The approximative target to minimize to obtain a \(\delta\theta\) that best satisfies \(t-f(\theta)\approx J(\theta)\delta\theta\) when the inverse kinematics problem doesn't have a solution is the \textbf{least squares} solution
\[\delta\theta=\arg\min\limits_{\delta\theta}||J(\theta)\delta\theta-(t-f(\theta))||^2.\]
The target to minimize to obtain a \(\delta\theta\) that satisfies \(t-f(\theta)=J(\theta)\delta\theta\) when the inverse kinematics problem has a single or multiple solutions is the \textbf{least norm} solution
\[\delta\theta=\arg\min\limits_{\delta\theta}||\delta\theta||,\]
such that \(t-f(\theta)=J(\theta)\delta\theta\).
\subsection{Moore-Penrose Inverse}
\label{subsec:moorepenroseinverse}
A generally possible \textquote{best-effort} solution to linear systems with no/infinitely many solutions is given by the \textbf{Moore-Penrose Inverse}:
When solving a linear system \(Ax=b\) using \(x=A^{-1}b\) is not possible (e.g. because \(A\) is not invertible),
calculate \(x\approx A^+b\) instead, where \(A^+\) is the Moore-Penrose inverse (or \textquote{pseudo-inverse}).

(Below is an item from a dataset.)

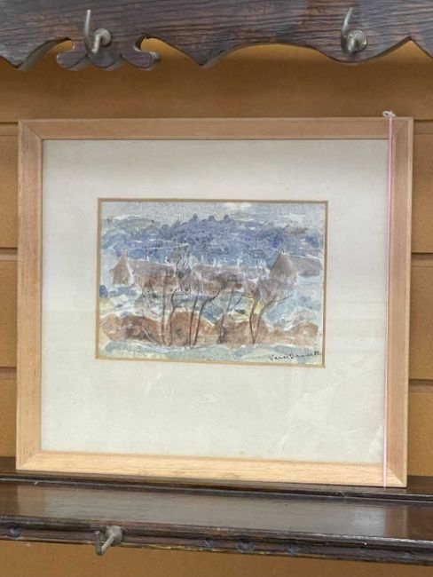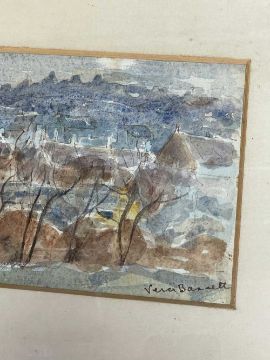 ‡ VERA BASSETT (Welsh, 1912-1997) watercolour - Ty Groes near Ammanford, signed, inscribed verso and dated 1967, 12 x 17.5cmsProvenance: private collection CardiffComments: slightly faded, 1964 Vera Bassett Turner House Exhibition leaflet verso (picture not apparently listed), framed ready to hang

If the system is overconstrained, this approach minimizes \(||Ax-b||^2\) (least squares),
if the system is underconstrained, it minimizes \(||x||\) (least norm) such that \(Ax=b\),
and if \(A\) is actually invertible, \(A^+=A^{-1}\).
The pseudo-inverse can be calculated using a singular-value-decomposition:
Inverting a regular invertible matrix \(A=U\Sigma V^T\), \(A\in\mathbb{R}^{n\times n}\) yields
\[A^{-1}=(U\Sigma V^T)^{-1}=(V^T)^{-1}\Sigma^{-1}U^{-1}=V\Sigma^{-1}U^T\]
with \(\Sigma^{-1}=\text{diag}(\frac{1}{\lambda_1},\dots,\frac{1}{\lambda_n})\),
\textquote{pseudo-inverting} a non-invertible matrix \(A=U\Sigma V^T\), \(A\in\mathbb{R}^{n\times n}\) with \(\text{rank}(A)=m<n\) yields
\[A^+=(U\Sigma V^T)^+=(V^T)^+\Sigma^+U^+=(V^T)^{-1}\Sigma^+U^{-1}=V\Sigma^+U^T\]
with \(\Sigma^+=\text{diag}(\frac{1}{\lambda_1},\dots,\frac{1}{\lambda_m},0,\dots,0)\).
Using the pseudo-inverse, the inverse kinematics problem can now be solved by iteratively updating the joint angles \(\theta\) in direction of \(\delta\theta=J(\theta)^+(t-f(\theta))\).